Employer-based health care started during World War II when the government imposed strict wage and price controls on American businesses. The result, among other things, was a shortage of people in the workforce. Entrepreneurs did what entrepreneurs do best: they devised a plan to attract skilled workers despite the government's onerous regulations. That plan was to pay for a worker's and his family's medical care. It was a hit. Repressed salaries were made up with "fringe" benefits. Congress eventually passed legislation that allowed those benefits to be tax-exempt, a response to IRS rules requiring that medical coverage be counted as salary and therefore subject to taxation.8
The implications are broad. Most individuals now rely on their employers for their health insurance. The trouble is that a system like ours punishes people who don't have employer-based health care and must therefore instead buy insurance privately. The reason this is problematic is that government-sanctioned mandates have driven up the costs of privately purchased insurance. And unlike large companies that buy insurance packages in bulk quantities (thus resulting in cheaper costs), small business owners can't band together with others to buy lower-premium insurance. Worse, those without employer-based health care must use after-tax income to purchase insurance, whereas employer-based coverage gets a huge tax break. It's inequitable.

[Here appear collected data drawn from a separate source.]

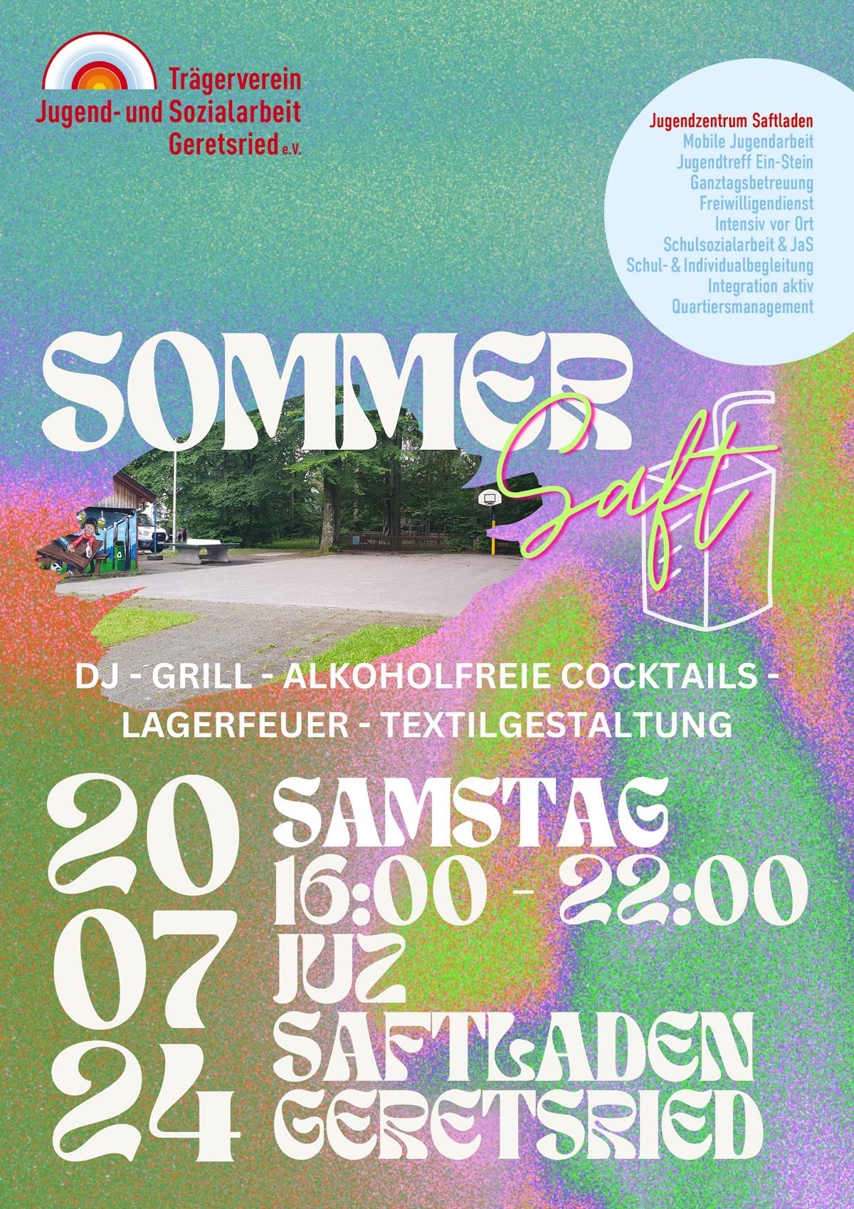 Wir veranstalten am Samstag, den 20.07.24 eine Sommerparty auf dem Basketballplatz am Jugendzentrum Saftladen in Geretsried. Freut euch auf eine chillige Atmosphäre mit elektronischer Live-Musik, leckerem Grill und alkoholfreien Cocktails! Dazu könnt Ihr eure eigenen Saftladen-Bags gestalten! Lasst euch überraschen. Abschließen tun wir das Ganze mit einem Lagerfeuer und Stockbrot. Um 16:00 Uhr geht’s los, wenn’s regnet sind wir drinnen!
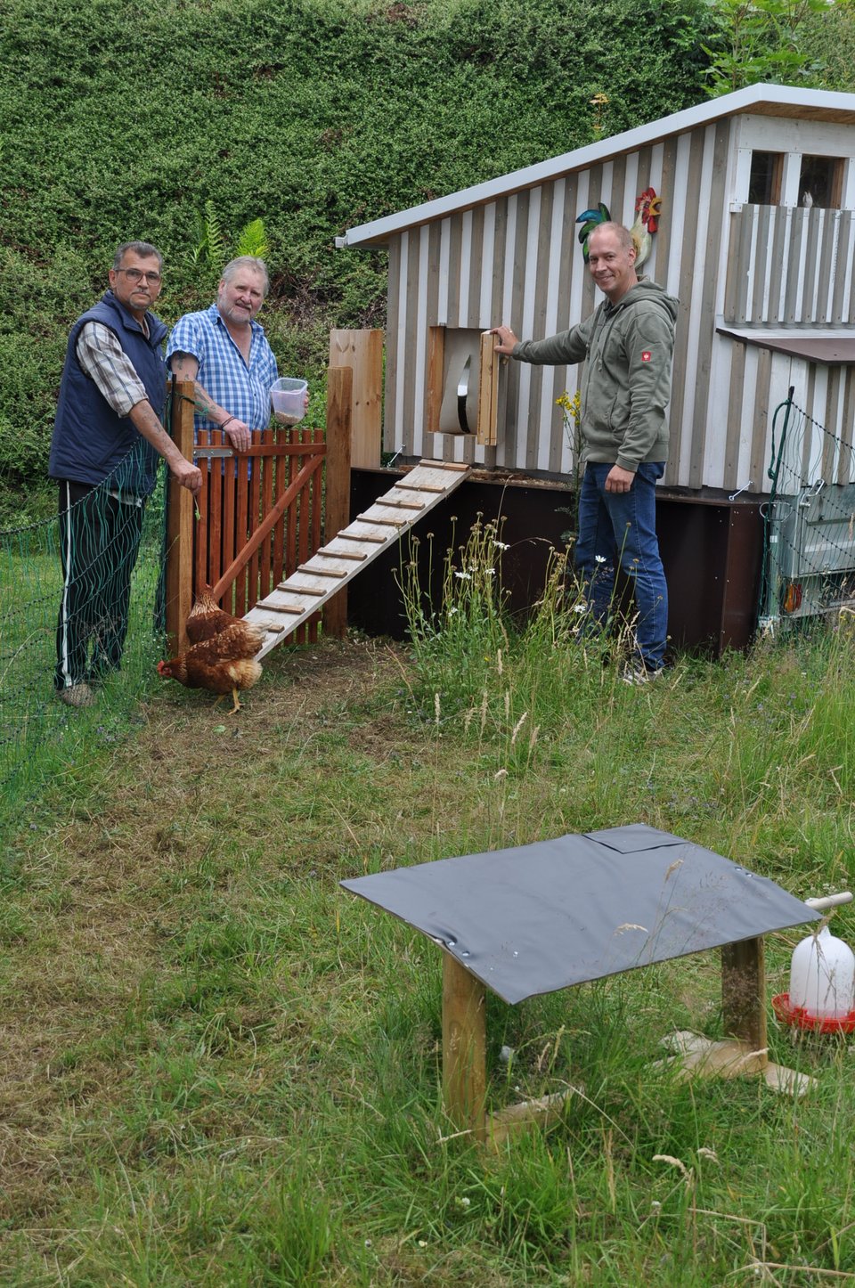 (Bild: Das Hühner-Projekt macht tierischen Spaß“, finden die beiden „Hühnerväter“ sowie Andreas Niklas (re.), der das Projekt im Herrnscheider Weg mitbetreut.)
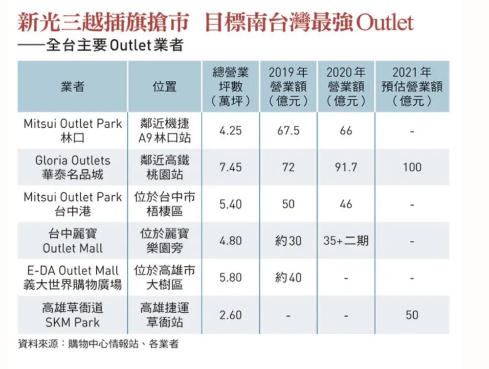 臺灣主要奧萊營業(yè)額統(tǒng)計(2019-2021)
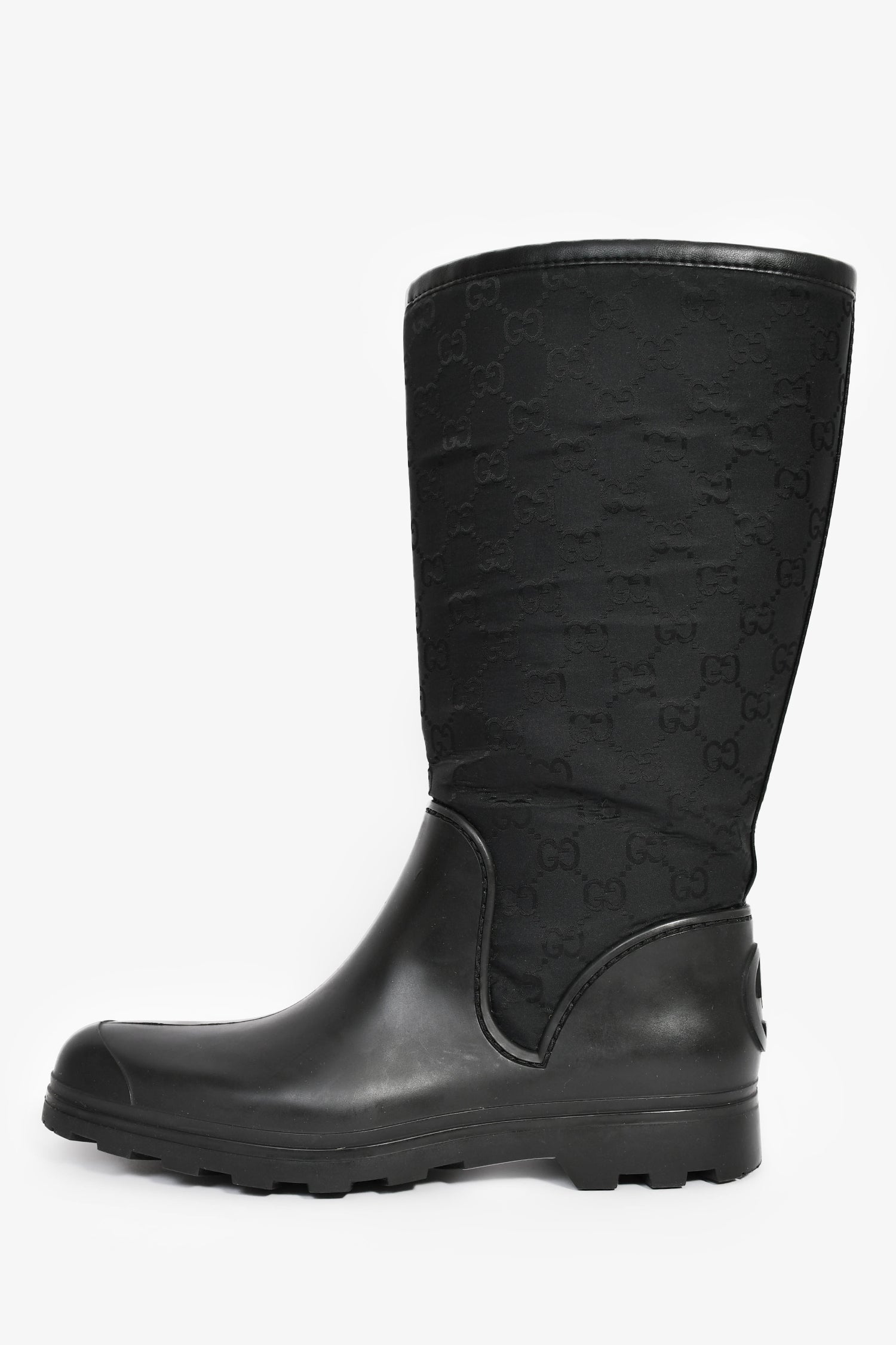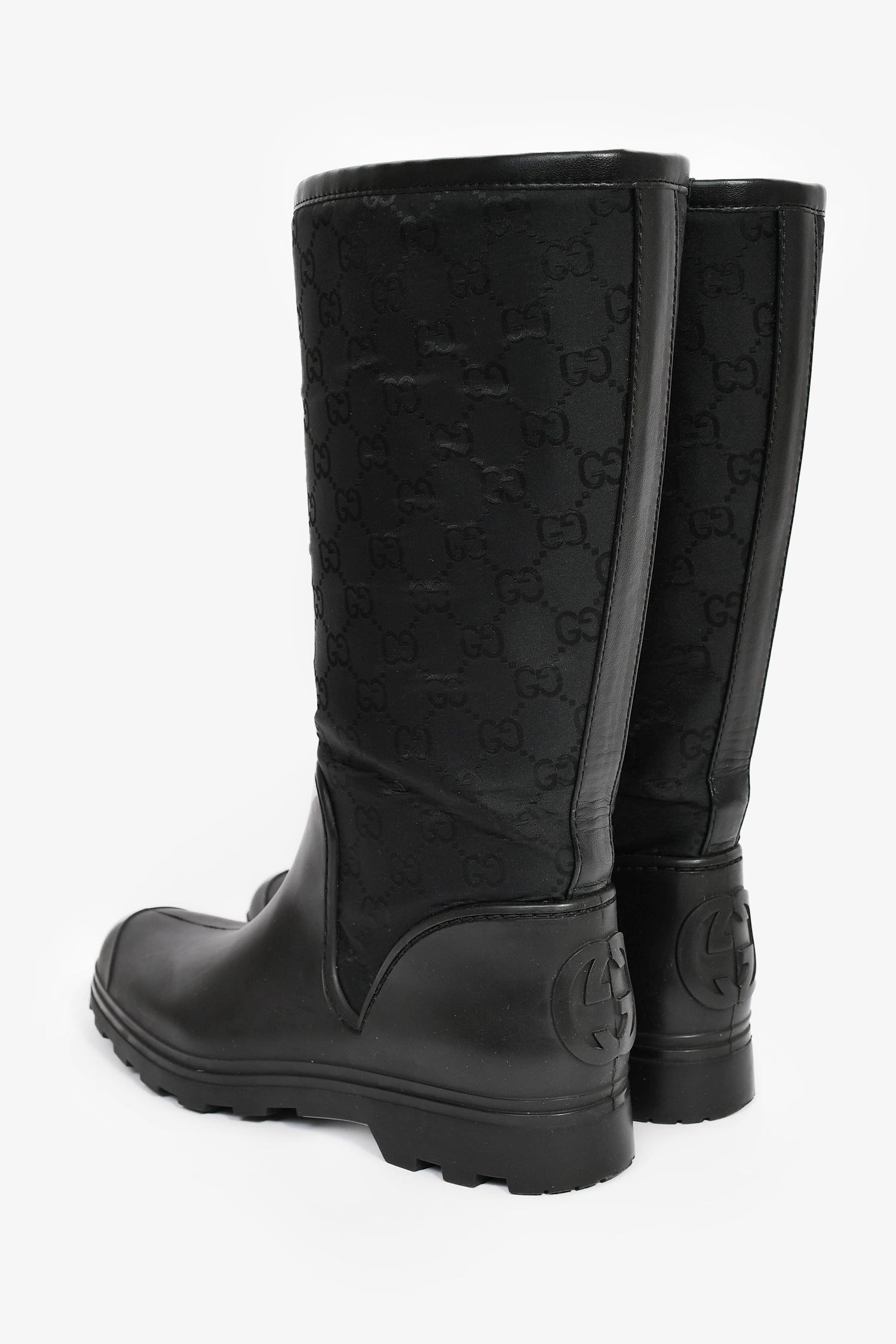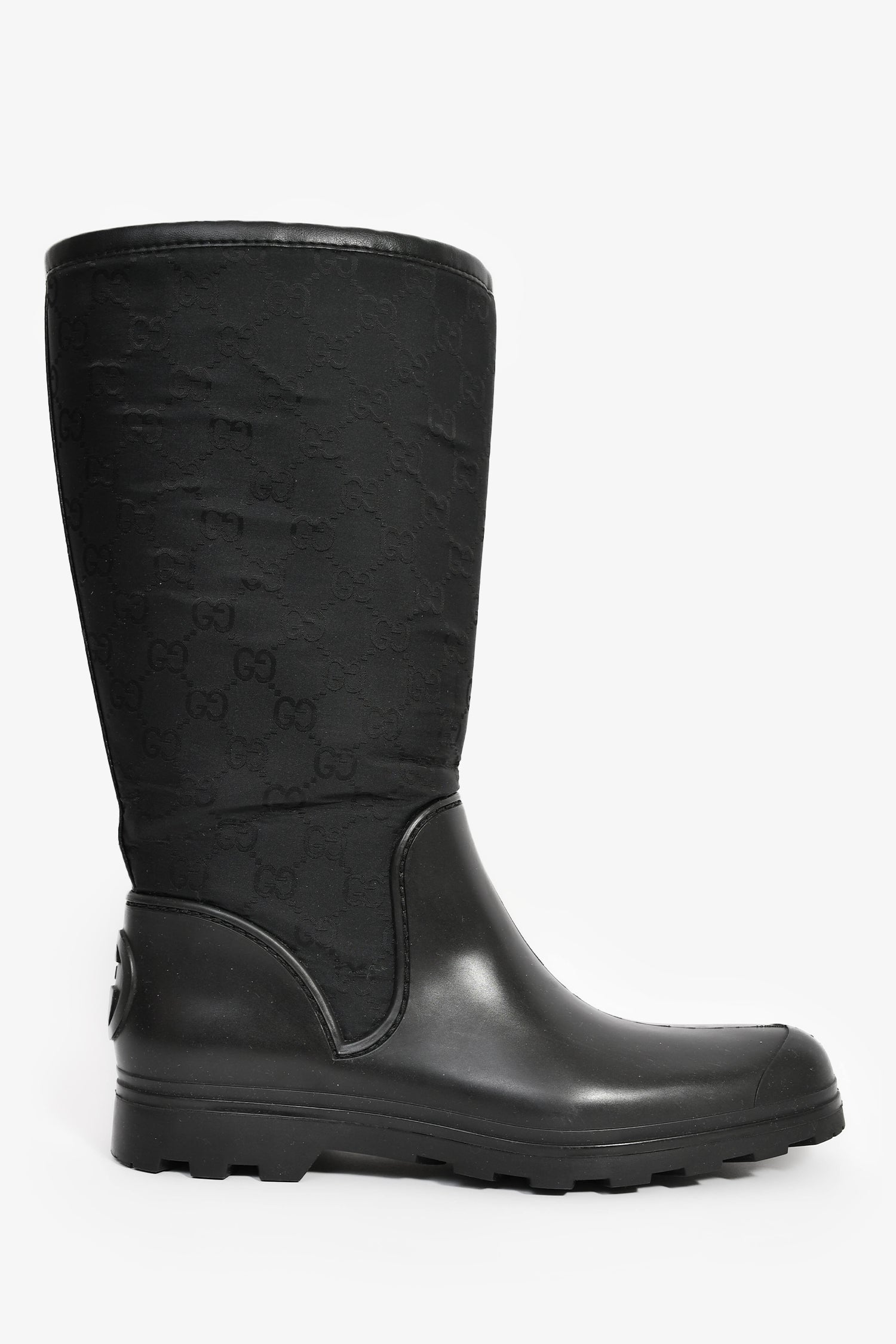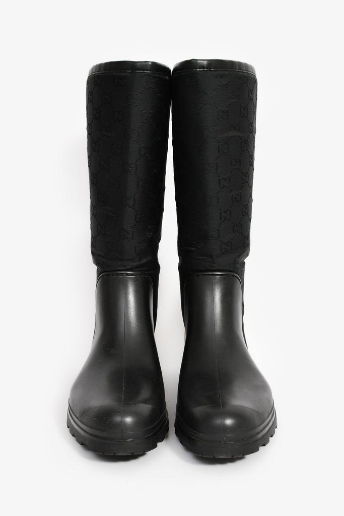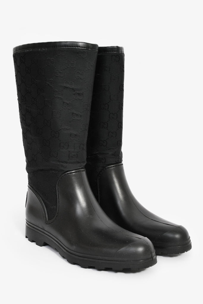Gucci Black GG Supreme Rubber/Canvas Rain Boots. Pull-on. Round toe. Tonal stitching.

THE LIBERAL MACHINE'S ability to churn out Obama Zombies on the health-care issue boils down to this: Unfortunately, young people are more susceptible to liberal bloviating about free health care and massive overhauls because younger Americans are the least likely to use health care. That means some left-winger comes along and talks about "shared sacrifices" and drops the 46-million-uninsured myth on a young person's unwitting head and, presto, you've got yourself a freshly minted Obama Zombie. The problem is that waving a magic wand won't produce free health care for everyone.
It's more complicated than that. The very instrument that created the mess in the first place (government) is the very instrument that liberals advocate can solve the mess (more government). Let's see: The government introduced the inefficient concept of employer-based health care, state governments imposed huge burdens with mandates, yet somehow we should trust the government even more?
In any case, the federal government is the reason for exploding costs and the ban on a free exchange of services from people to providers. Did you know that the federal government set up strictures that prevent people from purchasing insurance across state lines, another inhibitor to competition? Insurance companies must fashion health-care policies to the guidelines of each state. Competition does not exist on a national level. Instead we get a hodgepodge of fragmented markets and the large price differences that accompany them. This drives up the health-care insurance prices considerably, especially, as the Heartland Institute points out,9 if you live in a state that must cover things like acupuncture and marriage counseling (about one-fourth of states), social workers and contraceptives (more than twenty-five states), and hairpieces and hearing aids (seven states).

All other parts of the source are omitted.